Hulled Sunflower Seed (no shells!)

This is sunflower seeds without the hulls. The beauty of sunflower seeds without the hulls is twofold. For birds, there is the benefit that none of their precious energy reserves during the cold winter months is wasted opening the shells. For humans, there is no mess of shells accumulating under the feeders that eventually will have to be raked up and disposed of. Since the shells of sunflower seeds contain a component that is toxic to grass and will kill any grass that is growing around or beneath the feeders, this is an important factor for many people in choosing whether to offer sunflower seeds in or out of the shell. Hulled sunflower seeds is a component of Mike’s Little Waste and Mike’s No Waste mixed seed bags.

How to offer: This is best offered in a tubular hanging feeder or a hopper feeder.

Birds who like it: This attracts a greater variety of birds than sunflower with the hulls on because birds that normally could not crack open the shell can eat it. These include woodpeckers, mockingbirds, wrens, and woodpeckers along with chickadees, titmice, nuthatches, goldfinches, house finches, cardinals, grosbeaks, sparrows, and jays.

Thistle Seed / Nyjer Seed

This is a very tiny black seed. It does not come from our native thistle plants, but is imported from Ethiopia and India.

How to offer: Since this seed is so tiny it must be offered in special feeders that have small seed portals so that it does not all spill out. These are usually plastic tubular feeders, wooden feeders with fine wire mesh, or just plain wire mesh feeders.

Birds who like it: This is one of the favorite seeds of goldfinches. Other related birds who like it are House Finches, Purple Finches, Pine Siskins, and redpolls.

Millet

Millet is a small round seed about the size of the head of a pin. There are several different types. White proso millet is light colored and the most popular with birds. Red and golden millet are somewhat less liked by birds and less often available in stores. Millet is often a major component of seed mixes.

How to offer: Millet can be placed in a variety of feeders, such as hanging tubular feeders, hopper feeders, and tray feeders. It can also be just sprinkled on the ground.

Birds who like it: Millet is liked by doves, sparrows and juncos, cardinals, bobwhites, quail, and buntings.

Safflower

This is a large seed with a white coating. It is often used as a substitute for black oil sunflower in cases where people are trying to discourage grackles, Starlings, and House Sparrows, as they don’t seem to like it as much.

How to offer: It is best offered in hanging tubular feeders and hopper feeders; it can also be sprinkled on the ground or tray feeders.

Birds who like it: It attracts many of the same birds as black oil sunflower seed, but not quite as readily.
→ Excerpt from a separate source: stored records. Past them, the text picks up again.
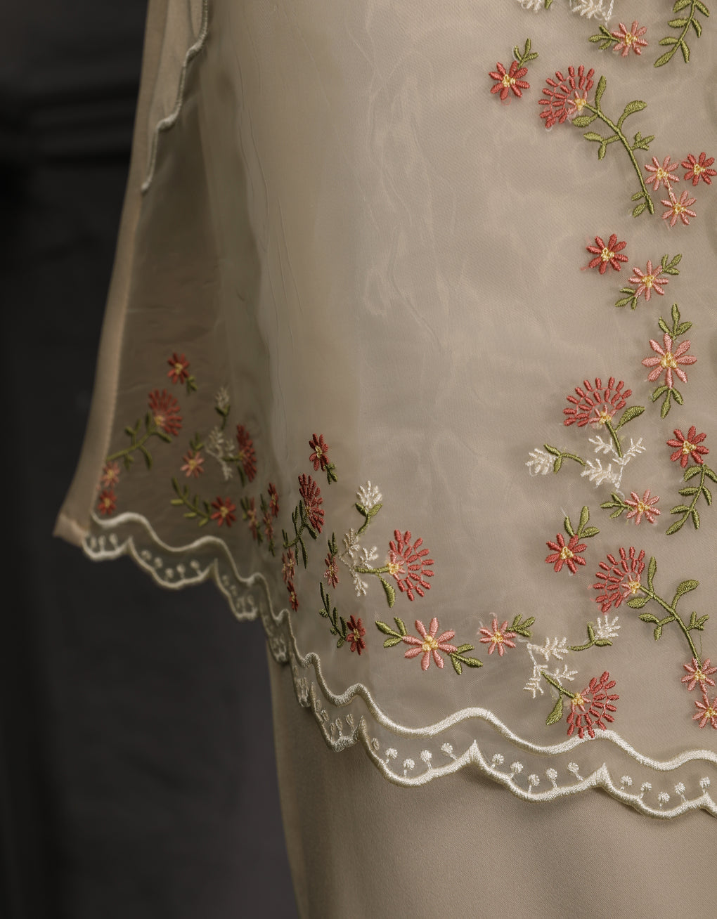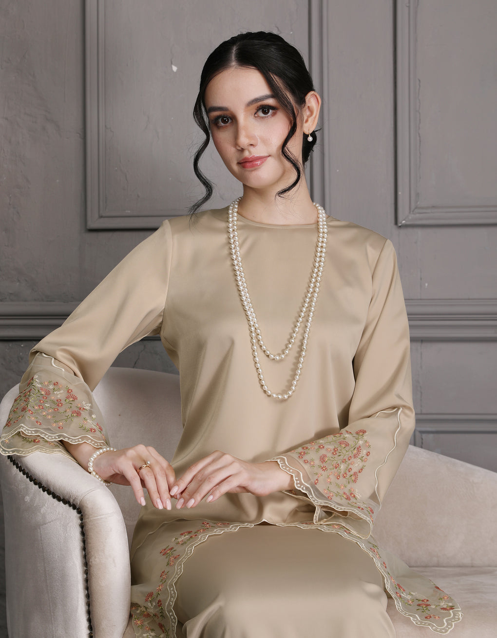 'Baju Kurung Pahang Moden Aurelia' blends tradition with a modern touch. Made from premium Italian Silky Satin, this piece features delicate embroidery on soft organdy that enhances its refined look. It offers both elegance and comfort in a long, flattering silhouette. A timeless choice for formal events or refined everyday wear.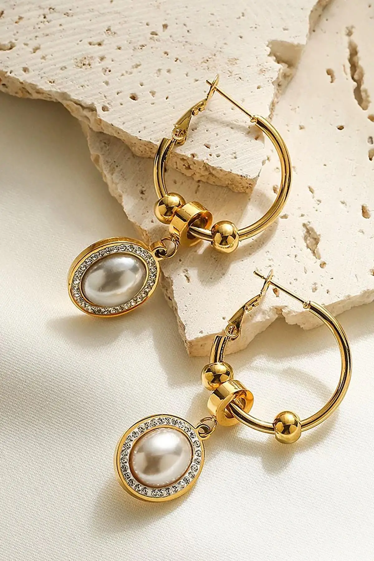 Altın Renk İnci Ve Taş Detaylı Çelik Küpe (Çift)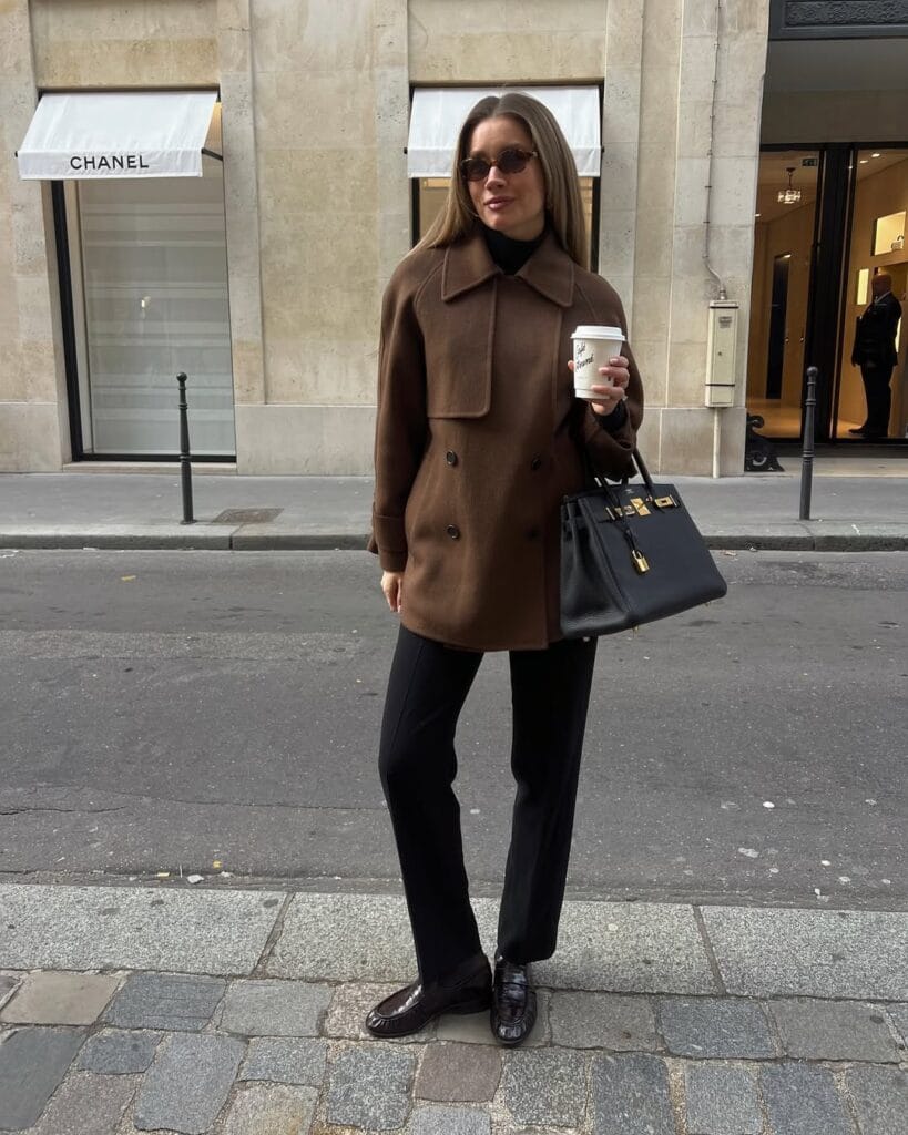 @ lovisabarkmanShe rocks a structured chocolate brown wool coat layered over a dark turtleneck with sleek black trousers. Classic loafers and a polished black handbag make this the perfect smart city ensemble.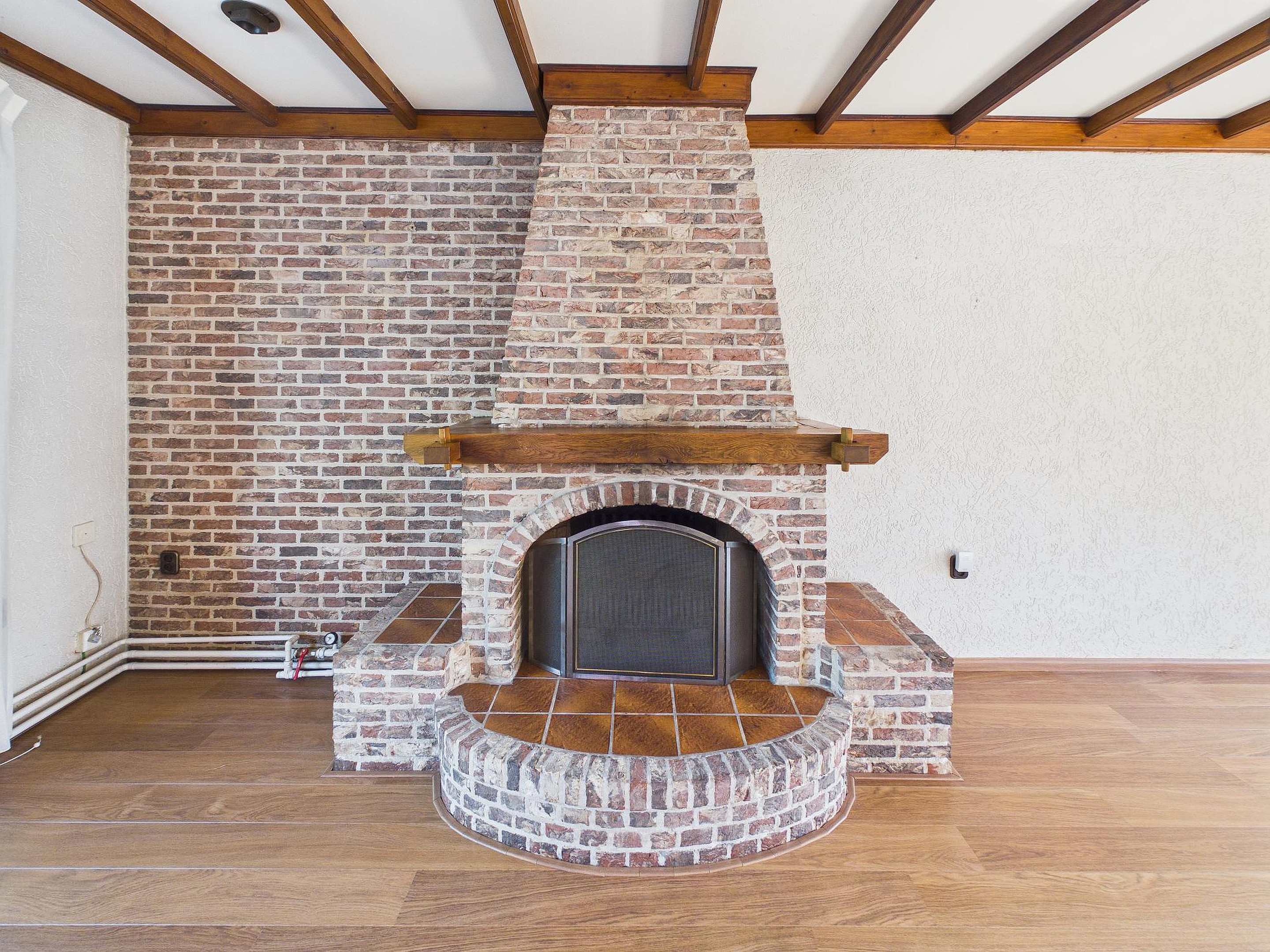 De woonkamer heeft een royale opzet en beschikt dankzij de grote raampartijen en erker over veel natuurlijk licht. Deze zeer ruime leefruimte vormt het hart van het huis, compleet met een gezellige haard en prachtige openslaande glazen deuren naar de tuin. Dit creëert een prettige verbinding tussen binnen en buiten.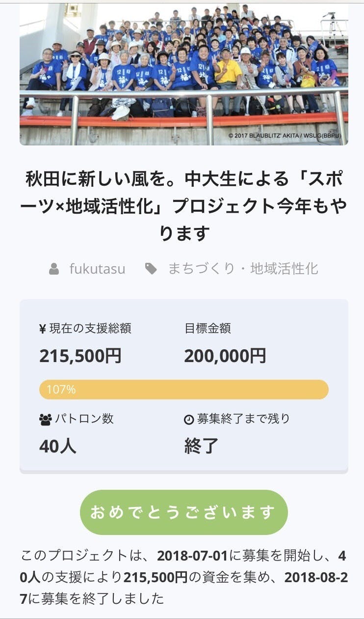 この想いでクラウドファンディングに挑戦させていただきました。プロジェクトの認知拡大は、必ず「秋田」の地域活性化になると考えています。
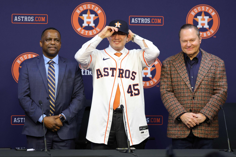 지난 5일(한국시간) 휴스턴 애스트로스 입단식을 치른 이마이 타츠야. 오른쪽은 에이전트 스콧 보라스. Alex Slitz/Getty Images/AFP (Photo by Alex Slitz / GETTY IMAGES NORTH AMERICA / Getty Images via AFP)/2026-01-06 09:48:43/ <저작권자 ⓒ 1980~2026 ㈜연합뉴스. 무단 전재 재배포 금지, AI 학습 및 활용 금지> 메이저리그(MLB) 디펜딩 챔피언을 행선지에서 지우고 이겨야 할 팀으로 본 남자, 이마이 타츠야(27·휴스턴 애스트로스)가 빅리그 진출에 대한 자신의 생각을 전했다.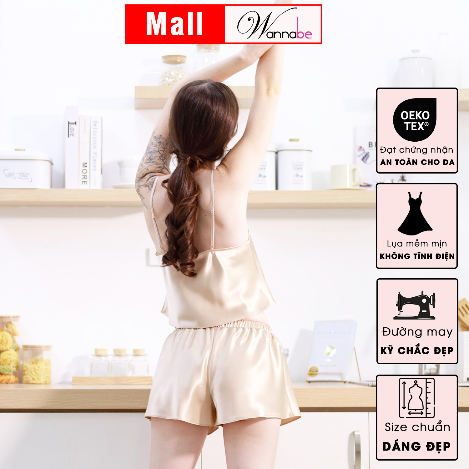 Đồ bộ mặc nhà lụa cao cấp WANNABE BSS62 đồ bộ quần sọt áo hai dây cổ áo phối ren thêu Nhật hình tam giác nhẹ nhàng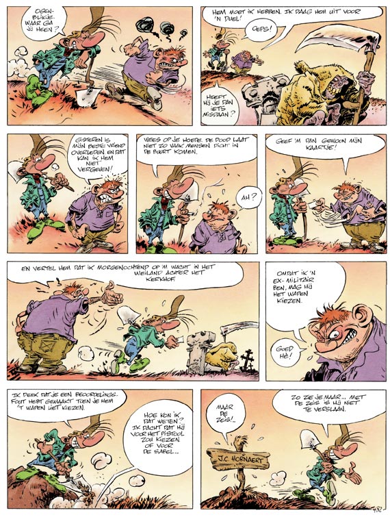 De laatste 4 exemplaren! Je zou denken dat een doodgraver een rustig leventje leidt en geen stress kent, maar dan vergis je je lelijk. Niet alle doden vinden snel eeuwige rust, anderen gedragen zich ook dood alsof ze nog steeds leven en de grappigste doden maken er een spelletje van om de Dood uit te dagen en zo uit te zoeken of die wel zin voor humor heeft. Daar staat G. Raf Zerk tussen die moet proberen rust en kalmte te laten heersen. Geen makkelijke opdracht ... Cauvin en Hardy lachen (en laten lachen) met de dood, een onderwerp dat als een van de laatste taboes wordt beschouwd.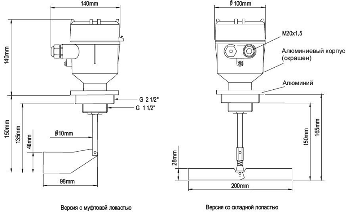 INNOLevel IL-LAS-N-Ex | Механический ротационный датчик предельного уровня сыпучих материалов в алюм. корпусе, взрывозащ. ТР ТС 012/2011, -40 +80 С, Рmax=0.8 bar, IP66, лопасть складная двусторонняя 28х200 мм, нерж. сталь, скорость вращения 1 об/мин, соединение- резьба 1 1/2″ с переходом на 2 1/2″ алюм., удлинение 165 мм, нерж. сталь | 220 VAC |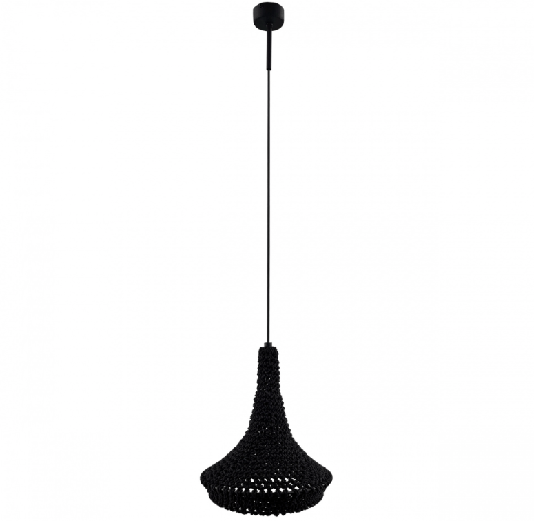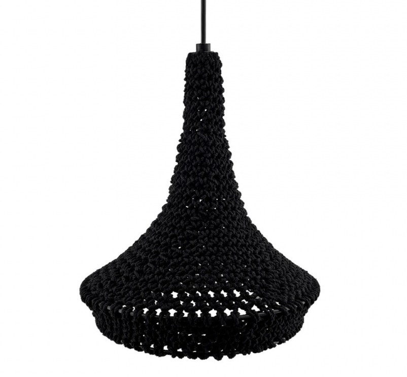 Wisząca lampa Mahaka z czarnej bawełny, wykonana na szydełku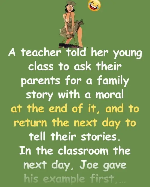 A teacher told her young class to ask their parents for a family story with a moral at the end of it, and to return the next day to tell their stories.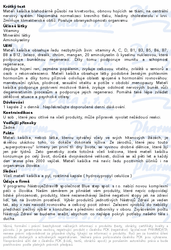 Mateří kašička blahodárně působí na krvetvorbu, obnovu hojících se tkání, na centrální nervový systém. Napomáhá normalizaci krevního tlaku, hladiny cholesterolu v krvi. Zmírňuje klimakterické obtíž. Posiluje obranyschopnosti organismu.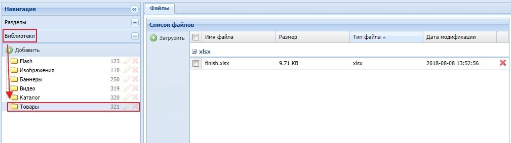 Файлы, добавленные к товару через данный тип поля, загружаются в папку "Товары", в панели "Библиотеки". Скриншот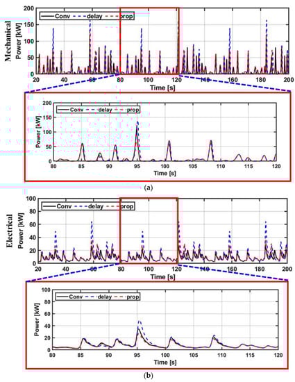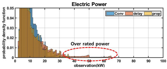 Figure 11 shows the mechanical and electrical powers of the OWC-WEC according to each rated controller. There are a total of three controllers compared in this paper: an ideal rated controller (Conv, black), a rated controller with a physical time delay similar to that in the actual system (delay, blue), and a proposed rated controller based on a deep learning model (prop, red). Because the existing rating controller performs rated power control without a time delay, both the mechanical and electrical power are stable, and the electrical power does not exceed the rated power. The rated power controller reflecting the physical time delay exhibits higher mechanical power and electrical power than the ideal rated controller because a time delay occurs. In particular, as the electrical power exceeds the rated power, this results in a reduction in the system stability and operating efficiency owing to mechanical and electrical fatigue. In conclusion, the wave condition under which the OWC-WEC can generate power is reduced. However, because the proposed method predicts the valve control angle for rated power control in advance by the time delay, it shows almost the same performance as the existing method, even though a physical time delay occurs. In other words, it can be confirmed that the mechanical and electrical powers were stable, and the electrical power did not exceed the rated power. Figure 12 shows a histogram of the electrical power for each rated controller. Only the rated controller reflecting the time delay exhibited power exceeding the rated power.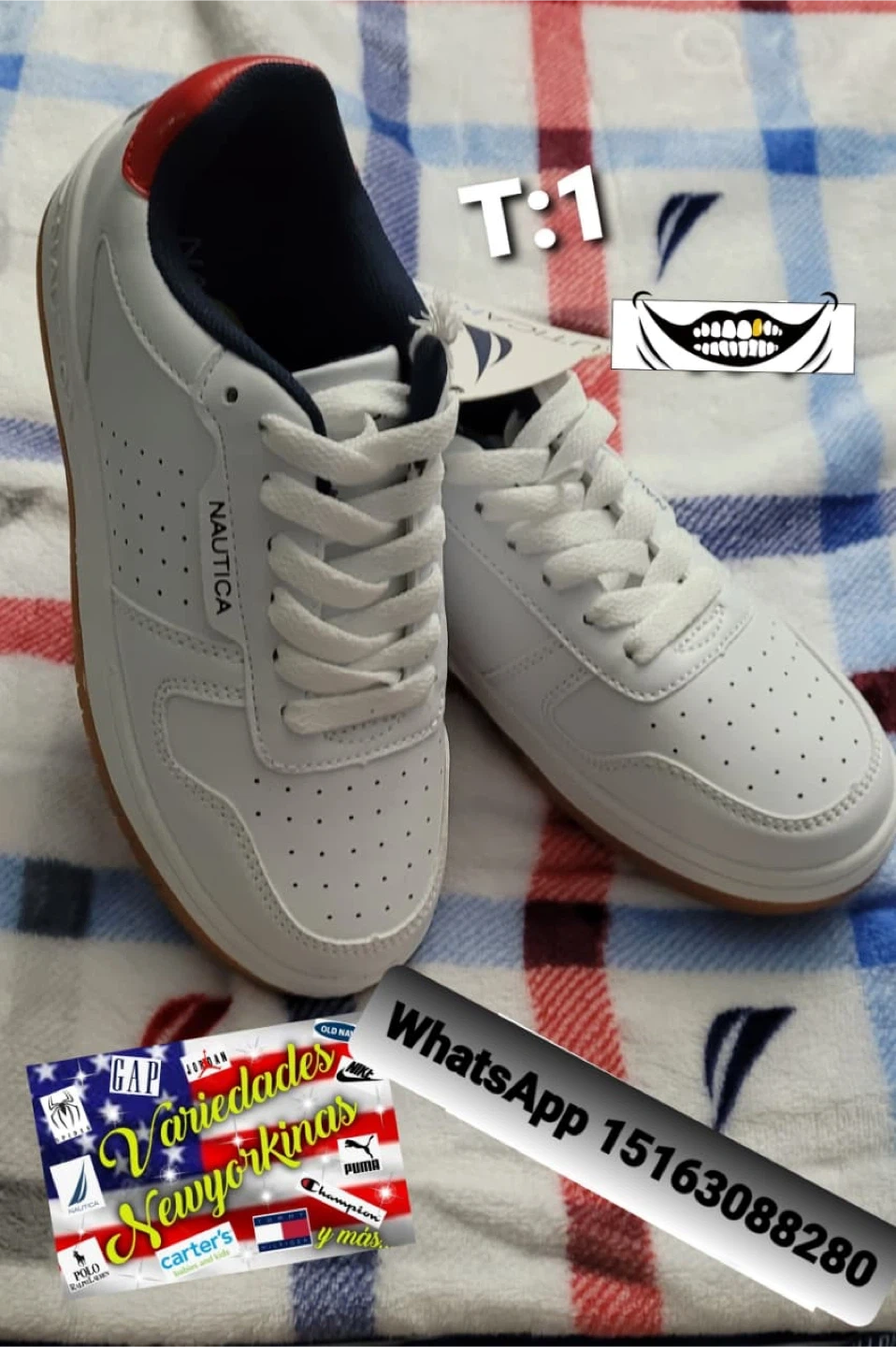 Selling a pair of Nautica white sneakers. They feature a red accent on the heel and a navy blue interior. The outsoles are a light brown color. These are in great condition!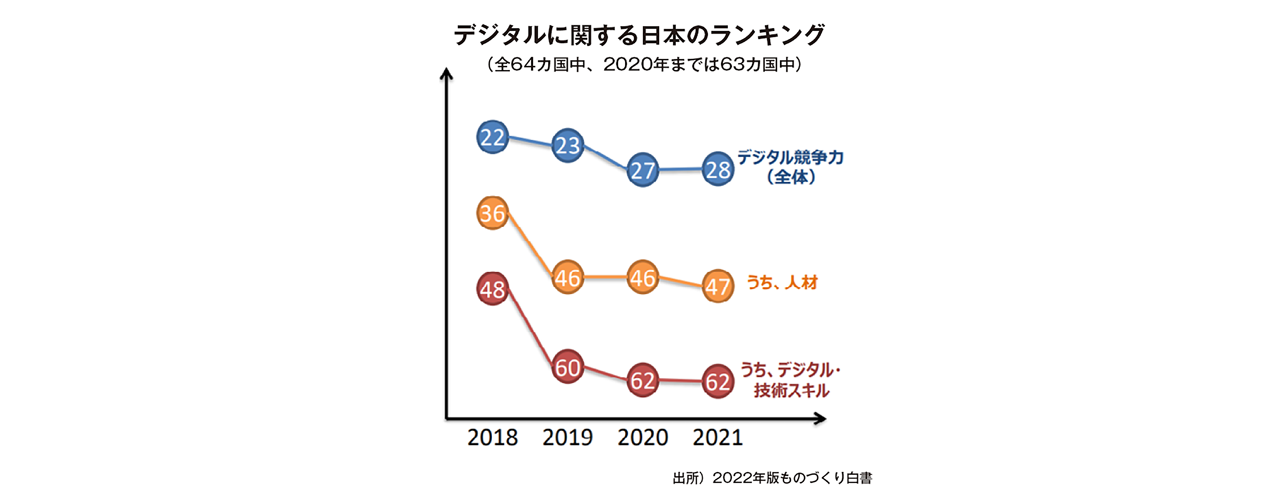 残念ながら我が国のデジタル推進人材は「量」「質」ともに不足しているのが現状であり、スイスの国際経営開発研究所が公表した「世界デジタル競争力ランキング2021」では日本のデジタル競争力は64カ国中28位であり、さらに「デジタル・技術スキル」にいたっては62位とほぼ最下位の結果だった。「高度デジタル人材の養成」は待った無しの課題と同時に深刻な問題になっている。白書は人材育成に向けた国の、学の、また個別企業の取組み例を紹介するが、これらが響くかどうか。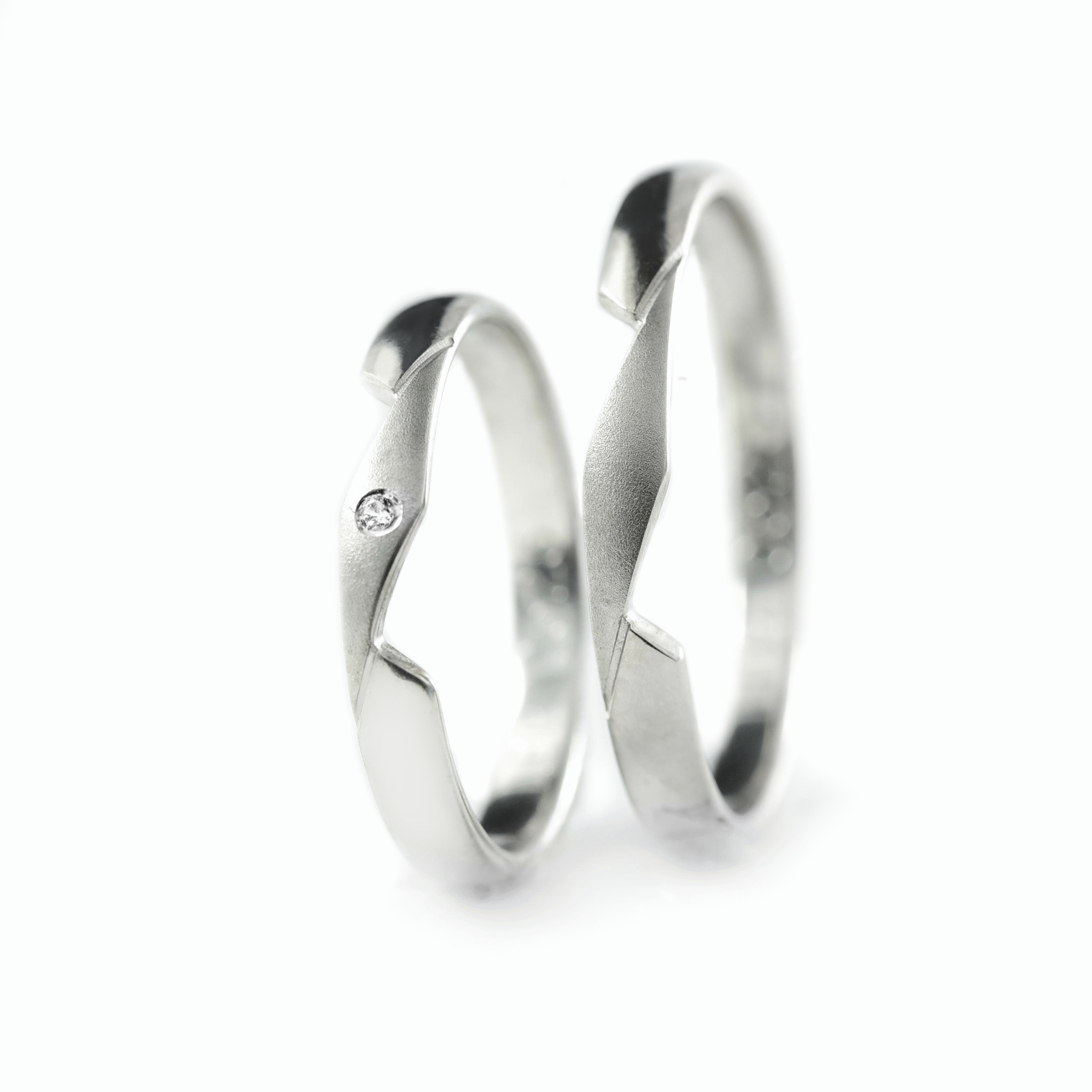 Ove burme izrađene su od belog zlata širine 2.5 mm, sa jedinstvenim dizajnom koji se savršeno uklapa kada su spojene. Muška burma ima matiranu površinu u centru i elegantnu liniju sa modernim, oštrim sečenjem koje joj daje karakter i dinamiku. Ženska burma prati isti oblik, ali je dodatno ukrašena jednim dijamantom za suptilan svetlucavi akcenat. Simbol savršene povezanosti, ove burme su idealan izbor za parove koji žele nešto drugačije, originalno i duboko lično.

The birds include chickadees, titmice, nuthatches, goldfinches, house finches, grosbeaks, and jays. Cardinals are particularly fond of this seed.

Cracked Corn

This is dried corn kernels that have been cracked into smaller pieces. It is sometimes available by itself but is more often found in seed mixes. It is generally less expensive than some other seeds.

How to offer: Cracked corn is best offered in seed mixes in hopper feeders, tray feeders, or scattered on the ground.

Birds who like it: A wide variety of birds that like to feed on the ground come to cracked corn. These include pheasants, quail, doves, sparrows, towhees, blackbirds, grackles, and jays.

Nuts

Increasingly more nuts are being offered in seed mixes. These include mostly peanuts and peanut hearts, a little central portion of the peanut. They are usually in seed mixes, but sometimes sold separately.

How to offer: Seed mixes with nuts can be offered in hopper feeders, on trays, or scattered on the ground.

Birds who like it: Most birds that eat hulled sunflower seeds eat nuts. These include woodpeckers, mockingbirds, woodpeckers along with chickadees, titmice, nuthatches, goldfinches, house finches, cardinals, grosbeaks, and jays.